*** Entries provided Section Begins ***

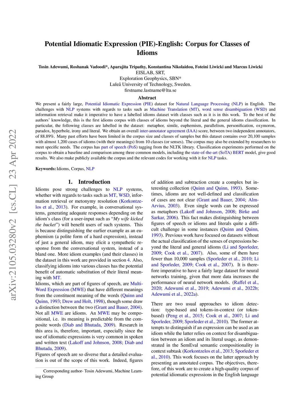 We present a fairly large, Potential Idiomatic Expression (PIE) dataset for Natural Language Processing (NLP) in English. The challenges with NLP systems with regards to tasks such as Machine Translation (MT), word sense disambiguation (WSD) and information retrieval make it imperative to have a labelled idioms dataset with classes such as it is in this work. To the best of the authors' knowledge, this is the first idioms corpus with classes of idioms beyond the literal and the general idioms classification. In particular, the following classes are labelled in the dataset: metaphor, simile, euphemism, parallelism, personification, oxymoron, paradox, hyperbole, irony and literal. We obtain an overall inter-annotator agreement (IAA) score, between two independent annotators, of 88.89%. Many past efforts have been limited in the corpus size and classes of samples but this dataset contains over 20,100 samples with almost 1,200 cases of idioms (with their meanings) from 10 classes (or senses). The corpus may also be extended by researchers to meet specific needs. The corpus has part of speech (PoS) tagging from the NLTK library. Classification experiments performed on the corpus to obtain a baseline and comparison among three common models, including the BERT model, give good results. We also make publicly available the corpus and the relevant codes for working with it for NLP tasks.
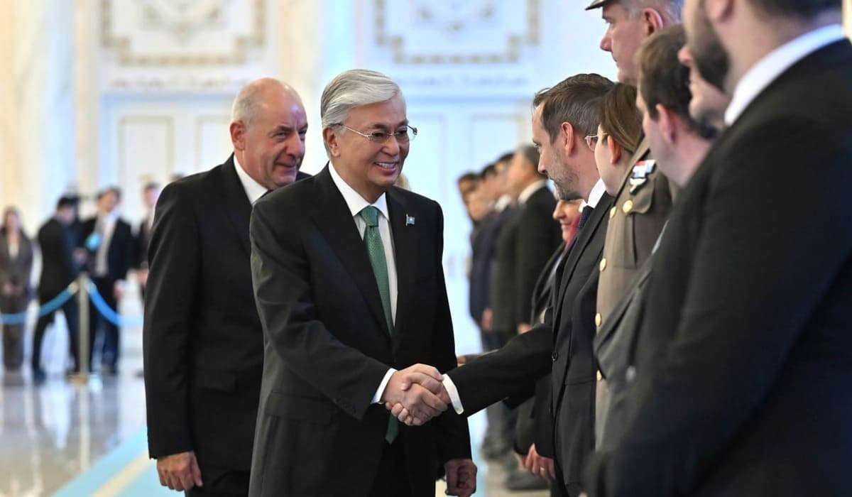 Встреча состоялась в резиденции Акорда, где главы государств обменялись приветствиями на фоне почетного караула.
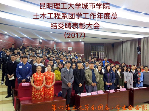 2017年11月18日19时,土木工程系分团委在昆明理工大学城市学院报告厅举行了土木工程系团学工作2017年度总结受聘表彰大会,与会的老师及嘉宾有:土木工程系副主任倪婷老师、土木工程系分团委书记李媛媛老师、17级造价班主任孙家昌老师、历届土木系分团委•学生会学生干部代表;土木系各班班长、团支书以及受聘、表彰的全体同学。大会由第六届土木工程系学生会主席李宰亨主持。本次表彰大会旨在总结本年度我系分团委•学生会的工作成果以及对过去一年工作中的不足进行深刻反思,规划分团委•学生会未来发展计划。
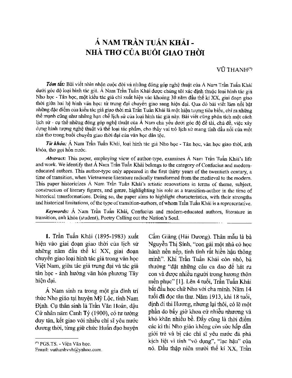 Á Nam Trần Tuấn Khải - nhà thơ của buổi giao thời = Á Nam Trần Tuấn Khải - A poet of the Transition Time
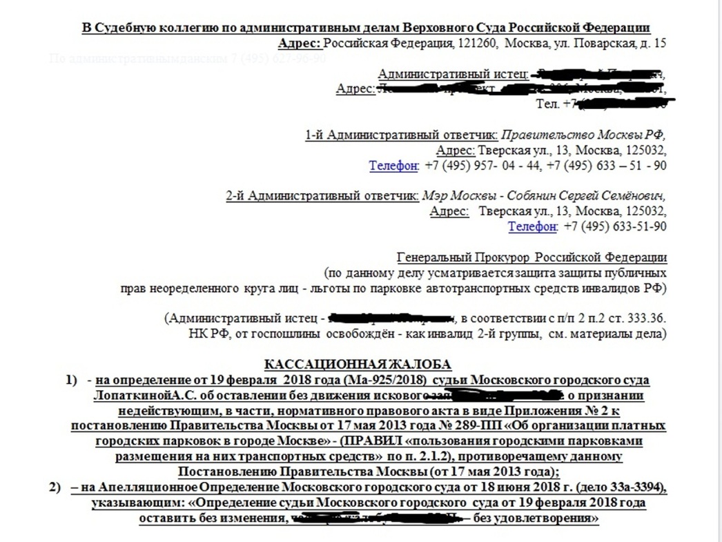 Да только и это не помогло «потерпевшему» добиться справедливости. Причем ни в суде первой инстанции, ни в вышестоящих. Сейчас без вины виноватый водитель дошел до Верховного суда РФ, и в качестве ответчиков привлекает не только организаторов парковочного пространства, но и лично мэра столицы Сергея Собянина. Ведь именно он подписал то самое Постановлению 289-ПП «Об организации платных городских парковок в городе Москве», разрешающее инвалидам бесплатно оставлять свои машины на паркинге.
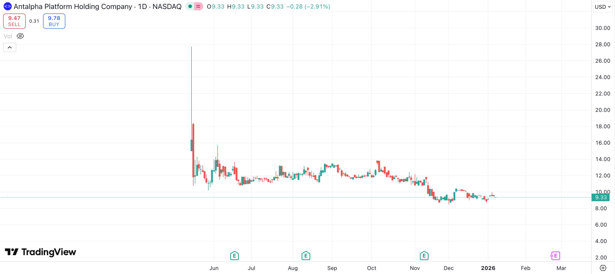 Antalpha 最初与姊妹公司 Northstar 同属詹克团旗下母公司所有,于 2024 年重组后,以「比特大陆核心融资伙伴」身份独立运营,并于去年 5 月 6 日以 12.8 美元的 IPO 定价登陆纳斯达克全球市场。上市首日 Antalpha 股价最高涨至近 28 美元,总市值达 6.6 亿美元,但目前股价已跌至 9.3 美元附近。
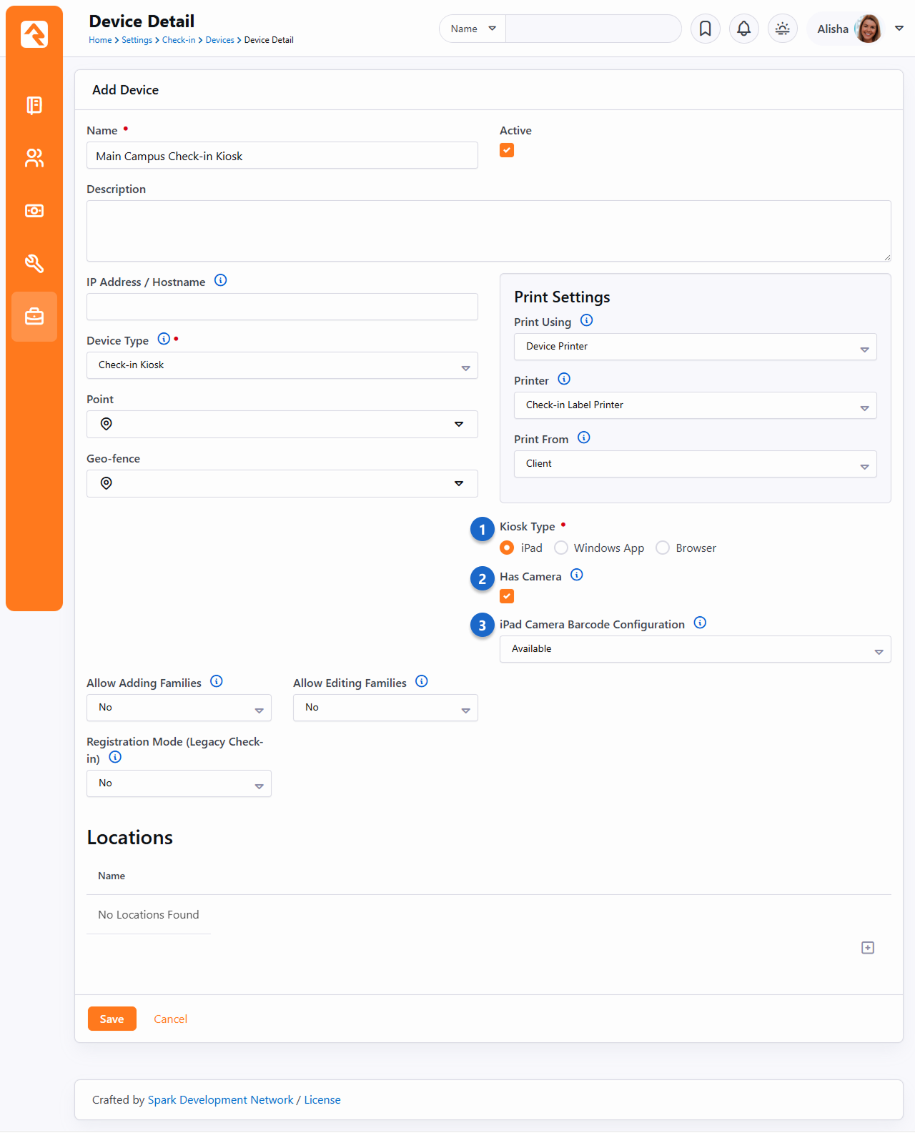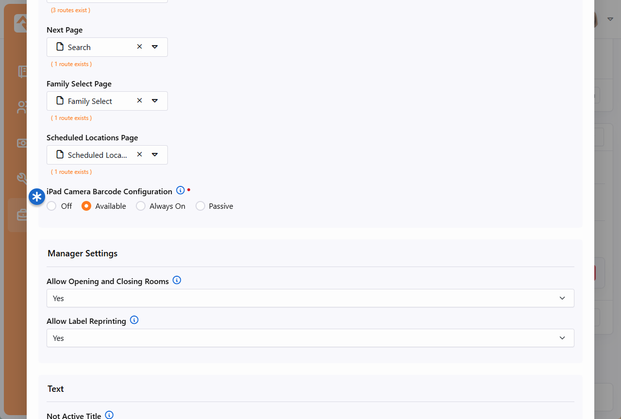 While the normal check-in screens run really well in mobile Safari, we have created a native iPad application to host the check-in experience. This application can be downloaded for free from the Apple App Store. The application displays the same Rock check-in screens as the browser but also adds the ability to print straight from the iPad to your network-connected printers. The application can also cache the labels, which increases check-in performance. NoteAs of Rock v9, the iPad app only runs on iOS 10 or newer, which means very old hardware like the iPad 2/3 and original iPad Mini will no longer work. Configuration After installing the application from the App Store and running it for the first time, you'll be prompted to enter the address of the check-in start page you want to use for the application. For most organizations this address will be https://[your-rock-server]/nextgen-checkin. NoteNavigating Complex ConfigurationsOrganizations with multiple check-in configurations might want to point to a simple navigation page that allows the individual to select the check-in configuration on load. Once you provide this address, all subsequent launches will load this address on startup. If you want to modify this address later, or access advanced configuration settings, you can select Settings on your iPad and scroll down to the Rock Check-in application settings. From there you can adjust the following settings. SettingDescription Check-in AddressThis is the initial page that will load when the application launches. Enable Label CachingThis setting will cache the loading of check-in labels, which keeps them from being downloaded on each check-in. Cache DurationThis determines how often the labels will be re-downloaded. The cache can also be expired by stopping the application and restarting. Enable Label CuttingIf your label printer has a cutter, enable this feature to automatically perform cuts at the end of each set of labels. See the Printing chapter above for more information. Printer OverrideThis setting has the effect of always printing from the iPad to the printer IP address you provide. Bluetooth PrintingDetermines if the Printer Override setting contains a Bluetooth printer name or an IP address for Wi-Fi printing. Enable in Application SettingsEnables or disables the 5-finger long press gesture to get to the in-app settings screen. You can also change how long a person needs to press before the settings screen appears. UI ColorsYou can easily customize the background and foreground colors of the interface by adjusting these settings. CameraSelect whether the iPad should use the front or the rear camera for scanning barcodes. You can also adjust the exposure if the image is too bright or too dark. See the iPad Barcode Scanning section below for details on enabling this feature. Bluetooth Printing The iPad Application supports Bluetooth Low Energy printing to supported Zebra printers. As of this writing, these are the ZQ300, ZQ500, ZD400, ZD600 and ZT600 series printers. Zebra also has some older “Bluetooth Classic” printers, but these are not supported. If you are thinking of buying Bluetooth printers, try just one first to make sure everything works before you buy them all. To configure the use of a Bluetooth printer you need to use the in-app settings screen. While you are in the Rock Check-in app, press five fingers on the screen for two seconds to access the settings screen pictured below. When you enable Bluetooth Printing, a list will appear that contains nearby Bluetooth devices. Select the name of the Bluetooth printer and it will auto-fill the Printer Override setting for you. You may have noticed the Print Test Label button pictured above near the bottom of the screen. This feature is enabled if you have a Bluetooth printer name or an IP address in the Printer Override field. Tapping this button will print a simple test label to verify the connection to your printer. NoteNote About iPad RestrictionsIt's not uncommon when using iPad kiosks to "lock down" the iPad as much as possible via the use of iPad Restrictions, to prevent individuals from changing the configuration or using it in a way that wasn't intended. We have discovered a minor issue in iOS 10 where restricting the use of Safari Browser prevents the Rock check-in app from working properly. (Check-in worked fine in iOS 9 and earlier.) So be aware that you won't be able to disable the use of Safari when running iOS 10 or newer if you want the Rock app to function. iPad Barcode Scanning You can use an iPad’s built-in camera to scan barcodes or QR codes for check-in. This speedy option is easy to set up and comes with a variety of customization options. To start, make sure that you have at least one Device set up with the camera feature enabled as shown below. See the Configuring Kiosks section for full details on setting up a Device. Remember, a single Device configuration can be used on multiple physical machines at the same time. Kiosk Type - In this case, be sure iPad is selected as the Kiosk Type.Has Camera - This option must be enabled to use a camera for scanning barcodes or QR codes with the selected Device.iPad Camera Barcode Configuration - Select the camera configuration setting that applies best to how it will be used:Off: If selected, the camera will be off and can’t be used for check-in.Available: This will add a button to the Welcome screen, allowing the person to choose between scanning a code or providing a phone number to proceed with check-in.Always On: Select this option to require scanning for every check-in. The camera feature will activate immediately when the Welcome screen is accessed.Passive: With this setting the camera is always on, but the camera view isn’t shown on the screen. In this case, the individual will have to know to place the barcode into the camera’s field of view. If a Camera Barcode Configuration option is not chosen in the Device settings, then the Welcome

*** Entries provided Section Ends ***

Task statement
In the entries above, find the line with "2017年11月18日19时" and the line with "Antalpha 最初与姊妹公司 Northstar". Return exactly those lines and all the ones between them, pictures excluded.

Reply to the task
 2017年11月18日19时,土木工程系分团委在昆明理工大学城市学院报告厅举行了土木工程系团学工作2017年度总结受聘表彰大会,与会的老师及嘉宾有:土木工程系副主任倪婷老师、土木工程系分团委书记李媛媛老师、17级造价班主任孙家昌老师、历届土木系分团委•学生会学生干部代表;土木系各班班长、团支书以及受聘、表彰的全体同学。大会由第六届土木工程系学生会主席李宰亨主持。本次表彰大会旨在总结本年度我系分团委•学生会的工作成果以及对过去一年工作中的不足进行深刻反思,规划分团委•学生会未来发展计划。
 Á Nam Trần Tuấn Khải - nhà thơ của buổi giao thời = Á Nam Trần Tuấn Khải - A poet of the Transition Time
 Да только и это не помогло «потерпевшему» добиться справедливости. Причем ни в суде первой инстанции, ни в вышестоящих. Сейчас без вины виноватый водитель дошел до Верховного суда РФ, и в качестве ответчиков привлекает не только организаторов парковочного пространства, но и лично мэра столицы Сергея Собянина. Ведь именно он подписал то самое Постановлению 289-ПП «Об организации платных городских парковок в городе Москве», разрешающее инвалидам бесплатно оставлять свои машины на паркинге.
 Antalpha 最初与姊妹公司 Northstar 同属詹克团旗下母公司所有,于 2024 年重组后,以「比特大陆核心融资伙伴」身份独立运营,并于去年 5 月 6 日以 12.8 美元的 IPO 定价登陆纳斯达克全球市场。上市首日 Antalpha 股价最高涨至近 28 美元,总市值达 6.6 亿美元,但目前股价已跌至 9.3 美元附近。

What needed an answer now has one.